_What you need to do_:
No pictures go into the output, which should consist only of the lines from the first line of the data through the line with "LOT 206: Craftsman", copied exactly.

_Source material_:
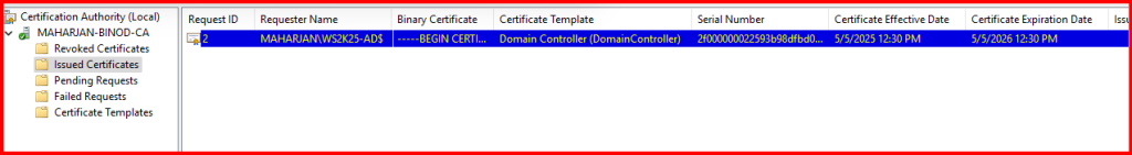 certsrv.msc) to check that the CA is running. - Confirmed the service status and readiness to issue certificates.
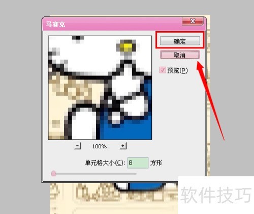 9、 处理完毕后,整张图片都会被加上马赛克效果。
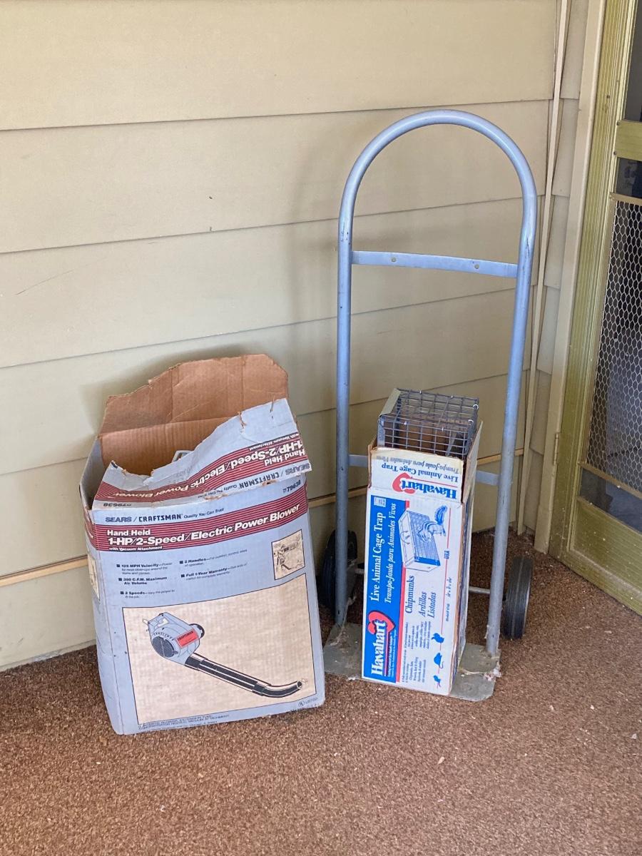 LOT 206: Craftsman Electric Power Blower, Milwaukee Hand Truck and Havahart Animal Cage Trap
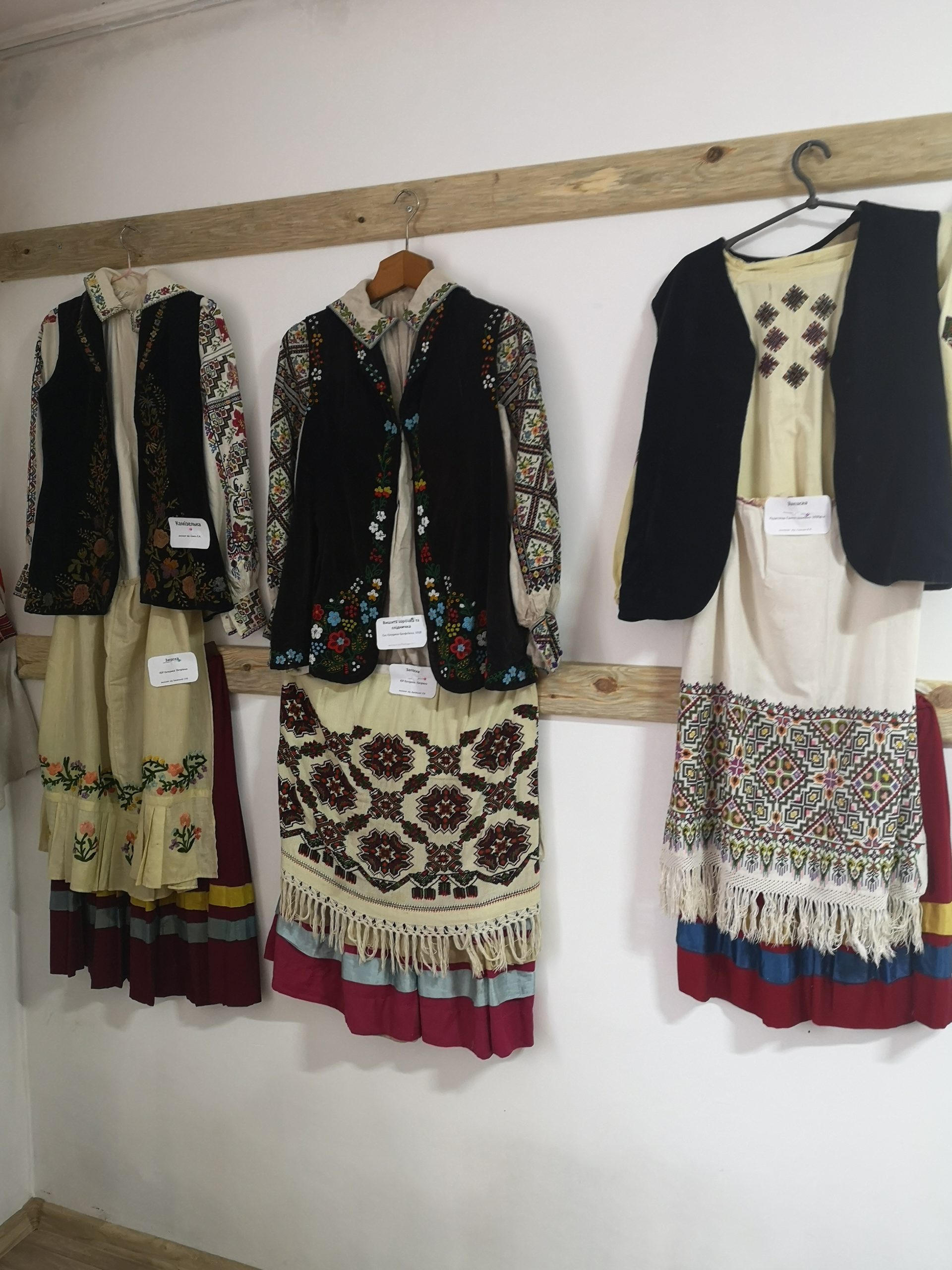 А ще хочу розповісти про населення, яке долучилось до нашої пошукової роботи. Люди не залишились байдужими до поповнення музею експонатами: самі несли, везли, телефонували з пропозиціями. Так музей поповнився багатьма експонатами. Тут і одяг, і рушники, починаючи з 1925 року. Велику цікавість несе одяг чоловіків та жінок 1912 року. Це робочі полотняні грубі сорочки, але є і святковий одяг. Вражає, що народ, який тяжко працював, мав час для творчості, адже предмети одягу, вжитку-це велика творчість. Вишиті камізельки, запаски, блузки та сорочки! А які спідниці! Маємо у музеї спідницю, що прекрасно збереглася від 1930 року.

_Worked solution_:
 certsrv.msc) to check that the CA is running. - Confirmed the service status and readiness to issue certificates.
 9、 处理完毕后,整张图片都会被加上马赛克效果。
 LOT 206: Craftsman Electric Power Blower, Milwaukee Hand Truck and Havahart Animal Cage Trap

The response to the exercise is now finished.